The density d is equal to {1 + (n - 1)p}ρ.

Explanation:

According to the law of floatation, the cylinder will float in the liquid if the weight of the liquid displaced by it is equal to its weight.

Given:

• $\rho$ = density of first liquid.

• $n\rho$ = density of second liquid.

• L = length of the cylinder.

• d = density of the cylinder.

Let the area of cross-section of the cylinder be A, such that, the weight of the cylinder is given by

$\rm W_c = Mass \times g\\=density \times Volume\times g\\=d\times AL\times g.$

g is the acceleration due to gravity.

Given that the cylinder floats with its axis vertical and length pL(p < 1) in the denser liquid.
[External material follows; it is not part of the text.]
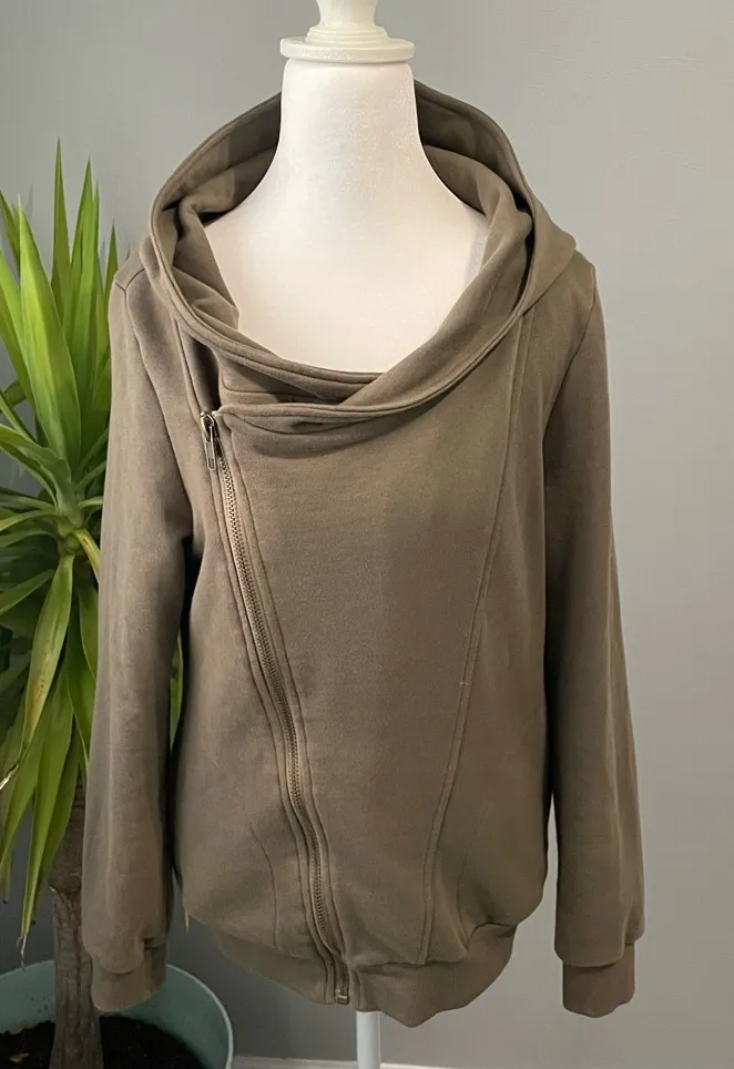 Elevate your casual wardrobe with this stylish and cozy asymmetrical zip-up hoodie from the POL brand. Known for its distinctive bohemian flair and comfortable, relaxed fits, POL infuses every piece with unique details that stand out from the crowd. This hoodie features a chic asymmetrical zipper and a flattering cowl neck design that adds a modern, fashion-forward twist to a classic hooded sweatshirt. The soft, medium-weight knit fabric offers both warmth and comfort, making it a perfect layering piece for any season. The color is a versatile olive neutral tone that pairs effortlessly with jeans, leggings, or your favorite casual bottoms. With its raw edge detailing and unique silhouette, this jacket is more than just a hoodie—it's a statement piece that embodies a free-spirited, boho-chic style. It's ideal for a cozy night in, a casual coffee run, or adding a stylish layer to your outfit for a day out. Features: Brand: POL Style: Asymmetrical Zip-Up Hoodie Color: Olive Material: Soft, comfortable knit fabric Details: Cowl neck, asymmetrical front zipper, relaxed fit Perfect for: Layering, casual outings, or a cozy, comfortable look.

The volume of the denser liquid in which the cylinder is immersed is given by

$\rm V_1 = Cross-sectional\ area\ of\ the\ cylinder \times height\ of\ the\ liquid\\ V_1 = A\times pL.$

The volume of the less denser liquid in which the cylinder is immersed is given by

$\rm V_2 = Cross-sectional\ area\ of\ the\ cylinder \times height\ of\ the\ liquid\\ V_2 = A\times (L-pL) = AL(1-p).$

The weight of the liquids displaced is given by

$\rm W_l = (Mass\ of\ first\ liquid\times g)+(Mass\ of\ second\ liquid\times g)\\W_l=(density\ of\ first\ liquid\times volume\ of\ first\ liquid\times g)+(density\ of\ second\ liquid\times volume\ of\ second\ liquid\times g)\\W_l=n\rho\times V_1\times g+\rho\times V_2 \times g\\=n\rho\times ApL\times g+\rho \times AL(1-p)\times g\\=n\rho ApLg+\rho AL(1-p)g\\=\rho ALg(np+1-p)\\=\rho ALg(1+(n-1)p).$

According to the law of floatation,

$\rm W_c = W_l \\d\times AL\times g=\rho ALg(1+(n+1)p)\\\Rightarrow d = \rho (1+(n-1)p).$

Thus, option (4) is correct.